Downtown Las Vegas, where revenues rose 4.5% in 2022, saw a decline of 6.9% year-over-year in December. That can be triggered by reduced disposable income caused by inflation and high fuel prices.

Tourists and other visitors, however, haven’t been deterred from rising room rates that, on average, reached $171 a night in 2022, which is 28.9% ahead of 2019.

Even David Kieske, CFO of the largest property owner on the Strip, VICI Properties, is bullish on Las Vegas going forward.

VICI is a real estate investment trust that owns one of the largest portfolios of gaming, hospitality and entertainment destinations, including Caesars Palace Las Vegas, MGM Grand, The Mirage and the Venetian Resort Las Vegas. It owns 10 properties on the Strip and has an investment in another in the Fontainebleau.

Kieske says what makes Las Vegas great is its content can’t be shipped to a home like a product from Amazon. The experiences the casinos provide to their end users with their food, entertainment and nightlife can’t be replicated, he added.

“We love Las Vegas and the Strip,” Kieske says. “No other road in America can showcase what goes on the Strip. It’s $7.5bn in gross gaming revenue and $42bn of spend. The boxes have stayed there because the operators continue to reinvent themselves and put money, attractions and new draws to the assets.”

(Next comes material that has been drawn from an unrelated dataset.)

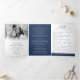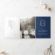 Oval monogram wedding RSVP blue white Tri-Fold Invitation

A further sign the Strip is returning to normal is the breakdown in revenue. In the late 1990s, gaming revenue accounted for 50% of revenue but that increased to closer to two-thirds in the 2000s as it focused more on entertainment and food and beverage. That dropped back down to closer to 50% during the pandemic as many casino amenities were shuttered or limited because of Covid.

In the latest Gaming Control Board report, Strip room, food, beverage and other accounted for 69.8% of total revenue in 2022, up from their 58.9% combined share recorded in 2021. Non-gaming revenues totalled $12bn and increased $6.9bn, or 135.1%, versus 2021.

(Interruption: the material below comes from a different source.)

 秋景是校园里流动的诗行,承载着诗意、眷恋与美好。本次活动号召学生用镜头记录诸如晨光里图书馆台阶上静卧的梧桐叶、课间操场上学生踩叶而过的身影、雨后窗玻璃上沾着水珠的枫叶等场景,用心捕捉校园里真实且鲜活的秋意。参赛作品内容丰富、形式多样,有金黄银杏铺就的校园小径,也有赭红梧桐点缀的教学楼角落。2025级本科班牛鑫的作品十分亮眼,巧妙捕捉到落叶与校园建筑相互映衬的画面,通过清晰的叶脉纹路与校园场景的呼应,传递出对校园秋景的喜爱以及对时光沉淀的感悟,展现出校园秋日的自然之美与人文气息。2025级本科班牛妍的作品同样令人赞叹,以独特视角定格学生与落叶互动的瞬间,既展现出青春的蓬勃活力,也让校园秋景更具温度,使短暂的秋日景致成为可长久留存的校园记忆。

Swissman says it’s no surprise the percentage of gaming revenue dropped to its normal level with the return of the convention business, which helps non-gaming revenue more than gaming revenue.

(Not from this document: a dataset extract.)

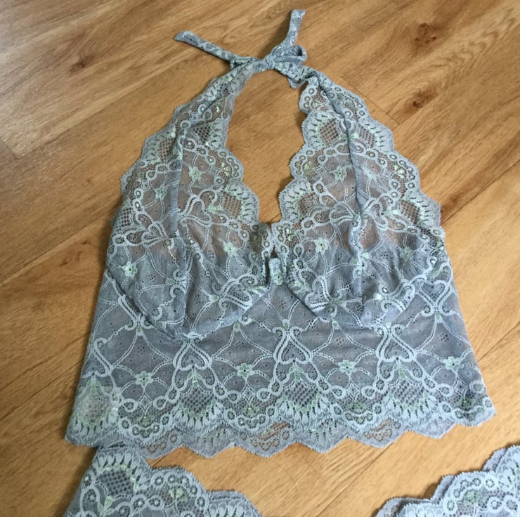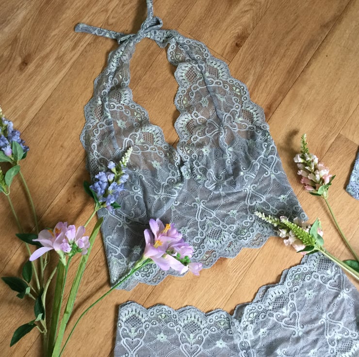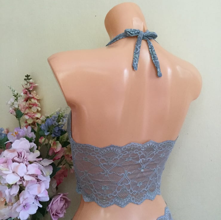 Halter style smokey blue grey Lingerie set , custom made from hand dyed lace.

“When you have strong shows at the end of year like the Global Gaming Expo and specialty equipment in the automotive industry show, that makes sense to me that gaming as overall revenue would start to go down,” Swissman says. “It’s a positive thing.”

For Kieske, what’s wonderful about the Strip is that casino resorts are more than just gaming properties. The Venetian has 17 million square feet but only 250,000 square feet is gaming, he says.

“It is amazing that when you think about food and beverage, the room revenue, entertainment revenue and other revenue that comes out of the city, part of the reason we love it is that it is constantly reinventing itself and bringing new things to the city like F1 and the Super Bowl. It’s a city where a 21-year-old can call it their own or a 75-year-old can call it theirs. There’s no other place like it on the planet.”

Buck Wargo

Buck Wargo is a Las Vegas-based business and gaming journalist. He’s a former reporter for the Los Angeles Times. He has a degree in Middle Eastern Studies from the University of Texas and worked as a foreign correspondent in the Middle East.